# [Assignment]
Beginning with the line that holds "A visitor takes", copy each line through the end of the material below, exactly and with no pictures.

##### Stored data

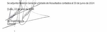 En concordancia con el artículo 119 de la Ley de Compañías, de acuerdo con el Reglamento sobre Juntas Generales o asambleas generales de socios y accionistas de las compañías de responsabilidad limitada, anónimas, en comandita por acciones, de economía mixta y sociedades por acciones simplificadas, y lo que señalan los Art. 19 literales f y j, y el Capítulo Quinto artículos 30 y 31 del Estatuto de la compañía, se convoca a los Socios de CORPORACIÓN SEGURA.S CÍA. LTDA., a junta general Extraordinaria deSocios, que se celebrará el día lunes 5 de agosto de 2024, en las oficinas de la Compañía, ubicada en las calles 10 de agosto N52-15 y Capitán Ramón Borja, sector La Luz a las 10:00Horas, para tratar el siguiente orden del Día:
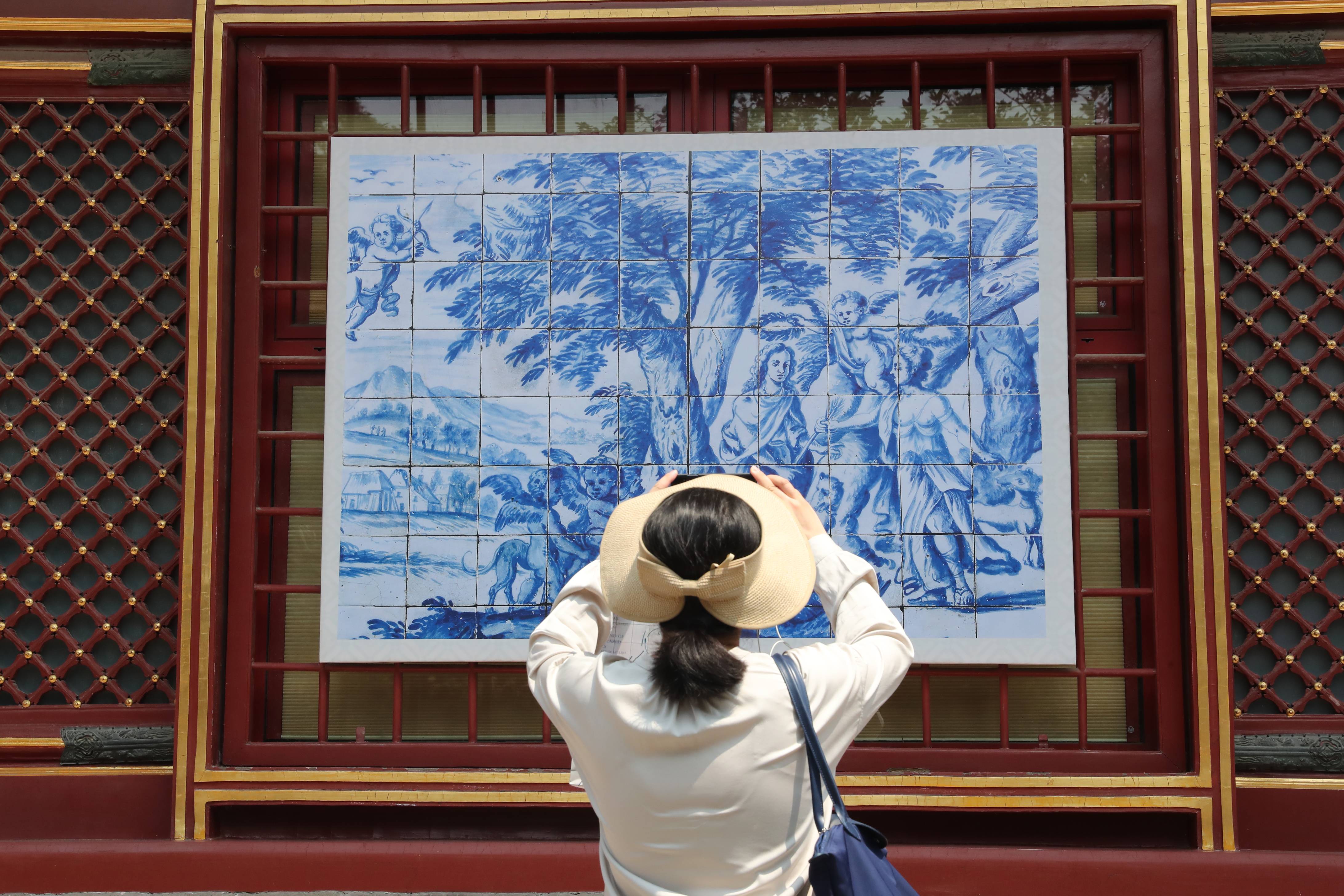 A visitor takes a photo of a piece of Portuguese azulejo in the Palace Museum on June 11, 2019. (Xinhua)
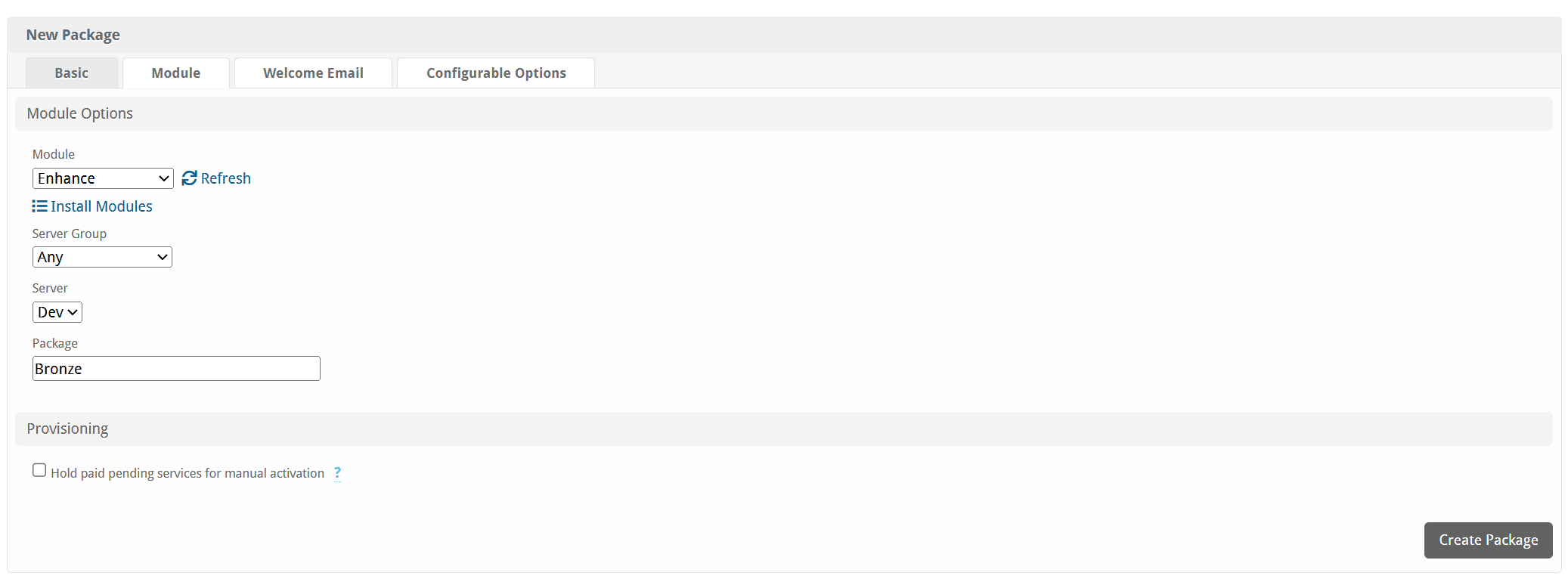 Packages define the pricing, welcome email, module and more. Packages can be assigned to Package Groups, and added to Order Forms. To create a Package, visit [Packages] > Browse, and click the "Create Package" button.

##########

# [Solution]
 A visitor takes a photo of a piece of Portuguese azulejo in the Palace Museum on June 11, 2019. (Xinhua)
 Packages define the pricing, welcome email, module and more. Packages can be assigned to Package Groups, and added to Order Forms. To create a Package, visit [Packages] > Browse, and click the "Create Package" button.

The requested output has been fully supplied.